Vielseitiges Repertoire
Doch auch über die Karfreitagsliturgie im Dom hinaus, bei der in jedem Jahr der Knaben- oder Mädchenchor im Wechsel die Sterbestunden Jesu Christi mit einer a-cappella-Passion darstellt – in diesem Jahr ist es der Mädchenchor am Kölner Dom mit der von Domkantor Oliver Sperling komponierten Johannes-Passion – wirken die Chöre am Dom regelmäßig in den Kar-Tagen bei Passionsmusik mit. Denn immer ist es auch wenigstens eine der beiden großen Bach-Passionen in der Kölner Philharmonie, die noch zusätzlich auf ihrem Programm für die Zeit kurz vor Ostern steht. So führt in diesem Jahr das Vokalensemble Kölner Dom gemeinsam mit dem Kölner Kammerorchester unter der Leitung von Christoph Poppen am Karsamstag die Matthäus-Passion von Bach auf. Den Knabenchorpart übernehmen die Jüngsten des Kölner Domchores, so dass dieses Konzert gleich in der Hand von zwei der vier Domchöre liegt. "Diese regelmäßigen Beteiligungen zeigen uns, dass wir gerade auf dem Gebiet der liturgischen Chormusik für Qualität stehen, die uns ein unverwechselbares Profil gibt und uns auch ein Stück stolz machen kann", kommentiert Metternich, der Wert darauf legt, dass sowohl die Johannes- als auch die Matthäus-Passion zum abrufbaren Repertoire seiner Chöre zählt.

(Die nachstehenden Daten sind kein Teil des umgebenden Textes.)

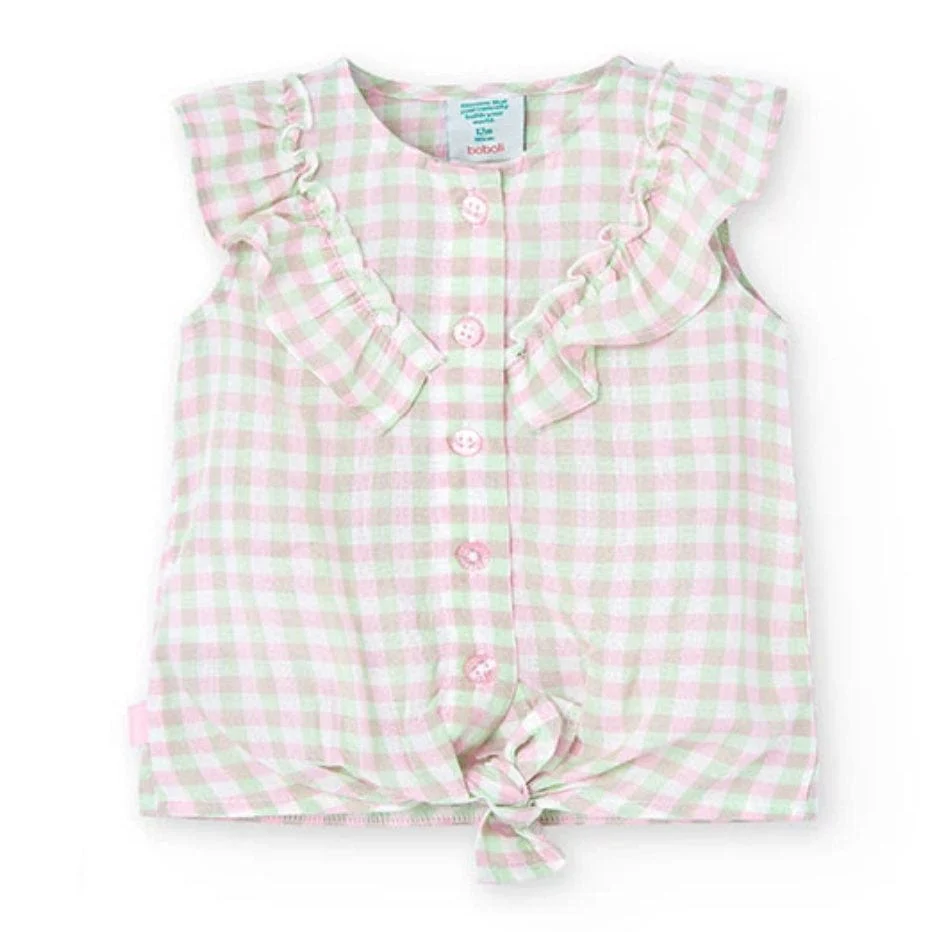 Questa è una blusa in viscosa a quadri per bambina. Il design a quadri in verde la rende vivace e adatta per l’estate. Il tessuto è piatto, leggero e traspirante, perfetto per i giorni caldi. La blusa ha un collo rotondo e maniche corte, ideali per il comfort e la libertà di movimento. Il bottone di chiusura facilita l’indossamento e la rimozione. Questo capo è un’aggiunta versatile al guardaroba di ogni bambina, combinando stile e praticità.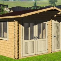 В комплект входит: стены из профилированного массива сосны или ели толщиной 44мм двухстворчатая и одностворчатая двери окно доска пола толщиной 20мм сплошной настил крыши толщиной 17мм фундаментные балки, покрытые антисептическим раствором для предотвращения гниения гвозди и шурупы в достаточном количестве для сборки домика комплекты дверной и оконной фурнитуры деталировки, чертежи и руководство по сборки. По желанию заказчика двухстворчатая дверь может быть как глухая, так и остекленная.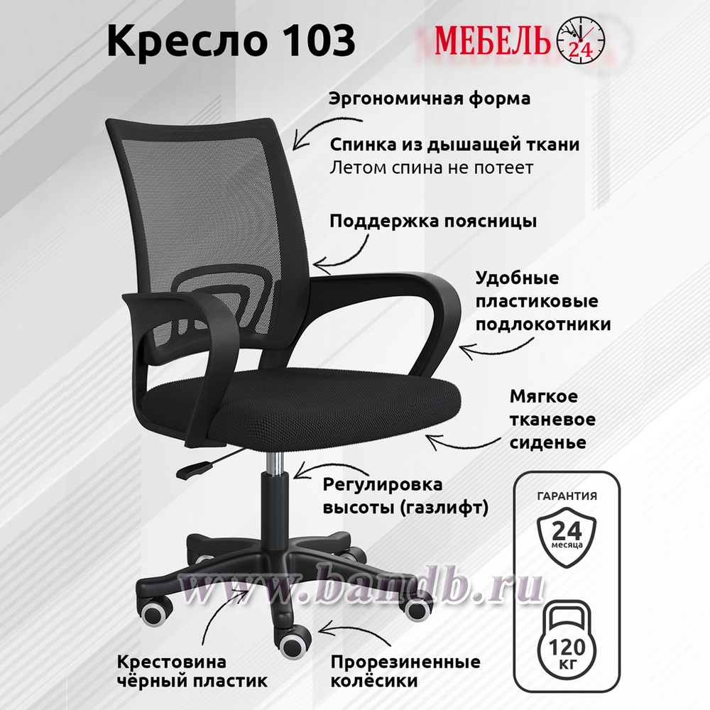 Кресло компьютерное Мебель-24 103. Цвет - чёрный. Обивка - сетка/текстиль. Габариты (ШхГхВ) 59х56х83-94 см. Ввыдерживает нагрузку до 120 кг. Тканевое сиденье с обивкой из сетки и текстиля и наполнителем из поролона. Упругая спинка из сетки. Пластиковая поддержка для поясницы. Удобные подлокотники. Стальной подъемный механизм газлифт. Материал каркаса и крестовины - пластик. Прорезиненные колёсики.

Eine Vielzahl von Motetten und Ordinariumsteilen aus kleineren Messen und den unterschiedlichsten Epochen – angefangen bei den Renaissance-Meistern Tomás Luis de Victoria, Josquin de Prés, Palestrina, William Byrd und Orlando di Lasso über Antonio Lotti, Josef Rheinberger, Brahms und Mendelssohn bis hin zu Siegfried Strohbach, Wolfram Menschick, Bob Chilcott, Eriks Esenvalds und Colin Mawby – muss in den kommenden Tagen mit insgesamt zehn liturgischen Feiern auf den Punkt abrufbar sein. Das heißt, diese Komplexität erfordert von allen Beteiligten – auch den Jüngsten im Alter von gerade mal zehn Jahren – ein hohes Maß an Fleiß, Konzentration und Disziplin. Für die Osternacht, in der der Mädchenchor das Pontifikalamt mit Erzbischof Kardinal Woelki Woelki gestaltet, hat Domkantor Oliver Sperling dann zwar eine Reihe von Gemeindeliedern zusammengestellt. Doch oft hat er selbst zu den bekannten Melodien mehrstimmige Chorsätze geschrieben, die ebenfalls rechtzeitig erarbeitet sein wollen, um sich seinen Sängerinnen einzuprägen und der etwa zweieinhalbstündigen Liturgie einen erwartungsgemäß feierlichen Stempel aufzudrücken.
Osterjubel mit dem Händel’schen "Halleluja"
Den krönenden Abschluss dieser Tage bildet dann am Ostermontag eine Orchestermesse. Winfried Krane, Leiter der Domkantorei Köln und der Kölner Domkapelle, dirigiert die Messe in D-Dur von Johann Nepomuk Hummel. "Sie passt musikalisch ganz wunderbar, ist nicht zu umfangreich, verfügt aber dennoch über sehr expressive Teile und unterstreicht an einem solchen Tag einmal mehr die Festlichkeit der Liturgie. Schließlich ist das die Aufgabe sakraler Musik", sagt er. Den eigentlichen Höhepunkt aber hebt sich der Chorleiter für den Schluss auf. Da soll natürlich passend zum Osterjubel auch das Händel’sche "Halleluja" nicht fehlen.